Societies are experiencing a change of state, from pre-COVID-19 through the process of developing a treatment and vaccine.  We are being asked to slow the boiling rate from rapid to rolling by implementing physical distancing to minimize the exponential rate, to flatten the curve, of infection.  This is the time to start implementing strategies, approaches and structures that support community resilience development and respect physical distancing.  Below are ideas for your consideration, please feel free to adapt as you see fit.

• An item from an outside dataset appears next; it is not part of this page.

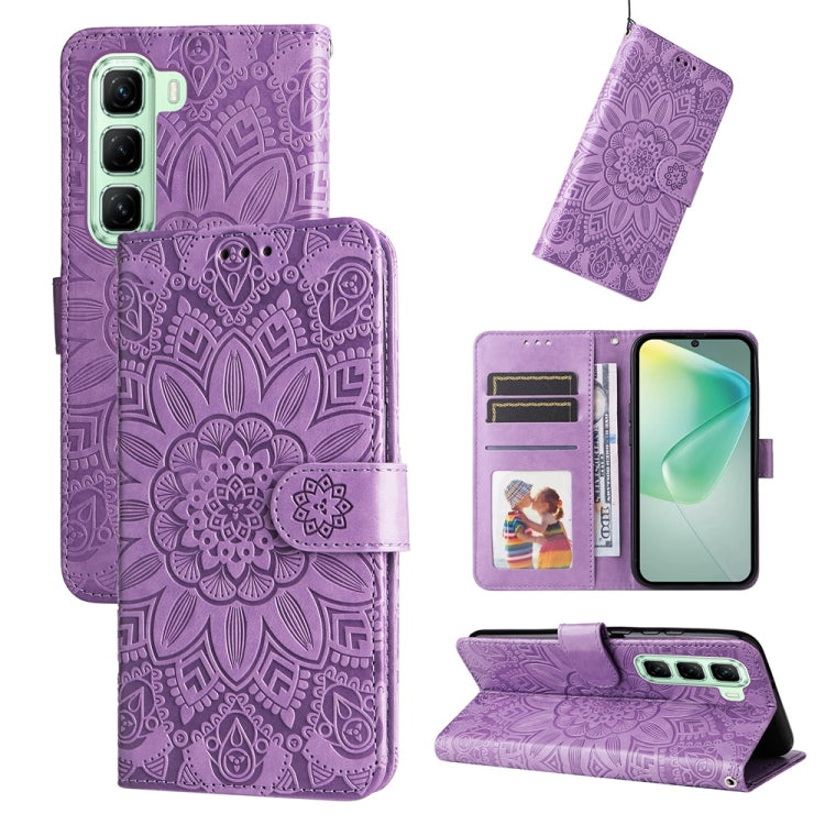 Funda de Piel con Estampado de Girasoles en Relieve para Infinix Hot 50 5G (Morado)

  • Save the Date! Begin to plan, with your community, a community-wide gathering to reflect, honor and celebrate once it is safe to be together.  Give your community something to look forward to, give them the gift of hope.  Hope has three parts – imagine a better future, imagine a path to that future and imagine yourself on that path.
  • Consider designating physical locations where cards, flowers, artwork, photos, etc. are posted in solidarity with one another. Embedding this in your community now provides a healing opportunity for residents and can be done with physical distancing.  As lockdowns continue to roll out across the country, consider designating some of the locations near groceries and pharmacies. Share the locations on social media to reinforce that ‘we are in this together’.  These artifacts could later be incorporated in the celebration suggested above and serve as one way to capture your community’s journey story.
  • Families, individuals and groups sheltered in place together could work on a skit, music, drumming, creating costume(s), writing poetry, etc. to share with the community. This could be done at the celebration above, an art walk, art parade, or some other event that has local significance.  Communities can create and share the narrative of how they navigated through this time.
  • Check with the press in your area – will they begin to report stories of people who have had COVID-19 and how they navigated that experience? What helped them to be doing so well today? 
  • Consistently illuminate and praise what is working well through social media, radio, local newspapers, newsletters, etc. Are people using social media strategies to create new opportunities to help each other? Are people picking up food from the food bank and delivering it to porches?  Or medications?
  • Stress can lead to violence - how is your community preparing to respond to family violence calls?  Could hot-lines be set up for people who feel that they are losing their self-regulation to call and talk through strategies?  Could this be a time when extreme solo-sports and other strategies for managing self-regulation could be collected and shared about how they are navigating this time?
  • How are family members and friends of people with mental health challenges getting support? Could there be a virtual respite - some people who agree to "be on first" checking in on someone who might be struggling? Checking in could be phone calls, or another communication that the family/friends knows would be ok with the person.
  • Many communities have gangs and all gangs have people providing leadership. If you don’t have connections with the gangs in your area, perhaps law enforcement can work with you to connect with key gang members to ask for their ideas about keeping each other safe during this time.
  • For people who already suffer from anxiety, are there places to post what is going well - or what calms fears? 

 

Supporting community resilience requires respect for community efficacy.  Since there are big economic impacts, perhaps private donations could help with supplies, or stipends, so people feel they have "work" for this time period.  Who doesn’t want to support hope-filled action?

As we lean into the core protective systems to increase community resilience, maintaining social connectedness while practicing physical distancing is important and for an expanding group of people – including those who have shifted from working in an office setting to their home and inmates who are no longer allowed visitors; nearly everyone is experiencing a new sense of isolation. 

Your leadership is so important for reminding people that none of us is truly alone.  We are the ones who are co-creating the future.  What we do during difficult times can provide the seeds for celebration and growth once physical distancing is no longer necessary.